» **Dataset excerpt**
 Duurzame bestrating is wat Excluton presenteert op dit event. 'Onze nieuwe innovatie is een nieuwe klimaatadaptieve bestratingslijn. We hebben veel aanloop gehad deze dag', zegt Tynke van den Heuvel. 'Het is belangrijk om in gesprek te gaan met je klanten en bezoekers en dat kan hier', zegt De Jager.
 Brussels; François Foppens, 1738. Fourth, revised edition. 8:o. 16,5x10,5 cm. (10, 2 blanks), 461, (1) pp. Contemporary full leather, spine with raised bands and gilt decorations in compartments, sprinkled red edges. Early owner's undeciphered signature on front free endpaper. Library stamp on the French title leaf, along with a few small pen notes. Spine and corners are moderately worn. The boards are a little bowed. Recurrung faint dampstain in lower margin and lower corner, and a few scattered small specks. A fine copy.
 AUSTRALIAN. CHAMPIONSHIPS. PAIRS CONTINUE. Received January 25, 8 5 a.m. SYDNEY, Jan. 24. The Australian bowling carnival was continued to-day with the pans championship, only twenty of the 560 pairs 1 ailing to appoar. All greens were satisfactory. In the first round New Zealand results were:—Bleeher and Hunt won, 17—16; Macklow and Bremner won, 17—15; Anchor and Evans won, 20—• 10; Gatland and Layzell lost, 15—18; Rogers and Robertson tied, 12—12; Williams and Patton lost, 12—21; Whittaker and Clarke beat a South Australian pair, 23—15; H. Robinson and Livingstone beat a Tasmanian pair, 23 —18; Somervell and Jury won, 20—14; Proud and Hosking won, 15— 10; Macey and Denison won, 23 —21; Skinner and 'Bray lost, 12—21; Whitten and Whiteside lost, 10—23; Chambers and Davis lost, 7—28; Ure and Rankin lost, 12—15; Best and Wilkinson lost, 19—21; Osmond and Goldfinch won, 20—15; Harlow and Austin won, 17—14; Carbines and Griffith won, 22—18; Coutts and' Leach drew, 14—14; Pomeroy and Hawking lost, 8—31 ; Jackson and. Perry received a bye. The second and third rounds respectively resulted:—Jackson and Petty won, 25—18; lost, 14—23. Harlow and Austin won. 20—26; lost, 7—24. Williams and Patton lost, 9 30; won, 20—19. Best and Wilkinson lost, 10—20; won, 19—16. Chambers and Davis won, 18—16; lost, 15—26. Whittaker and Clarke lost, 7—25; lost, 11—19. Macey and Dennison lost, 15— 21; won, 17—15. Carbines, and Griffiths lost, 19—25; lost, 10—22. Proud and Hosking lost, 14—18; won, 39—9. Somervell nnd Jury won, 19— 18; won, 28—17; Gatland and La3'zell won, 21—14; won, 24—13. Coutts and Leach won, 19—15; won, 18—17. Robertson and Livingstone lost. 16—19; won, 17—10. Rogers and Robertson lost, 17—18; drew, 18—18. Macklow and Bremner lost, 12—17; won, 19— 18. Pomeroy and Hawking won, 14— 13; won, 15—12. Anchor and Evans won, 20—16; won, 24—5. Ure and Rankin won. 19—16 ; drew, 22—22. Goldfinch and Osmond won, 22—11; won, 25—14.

» **Aim of the task**
In the answer, give the lines from the first line of the data through the line with "Brussels; François Foppens, 1738.", exactly as they appear and with no additions.

» **Solution for this problem**
 Duurzame bestrating is wat Excluton presenteert op dit event. 'Onze nieuwe innovatie is een nieuwe klimaatadaptieve bestratingslijn. We hebben veel aanloop gehad deze dag', zegt Tynke van den Heuvel. 'Het is belangrijk om in gesprek te gaan met je klanten en bezoekers en dat kan hier', zegt De Jager.
 Brussels; François Foppens, 1738. Fourth, revised edition. 8:o. 16,5x10,5 cm. (10, 2 blanks), 461, (1) pp. Contemporary full leather, spine with raised bands and gilt decorations in compartments, sprinkled red edges. Early owner's undeciphered signature on front free endpaper. Library stamp on the French title leaf, along with a few small pen notes. Spine and corners are moderately worn. The boards are a little bowed. Recurrung faint dampstain in lower margin and lower corner, and a few scattered small specks. A fine copy.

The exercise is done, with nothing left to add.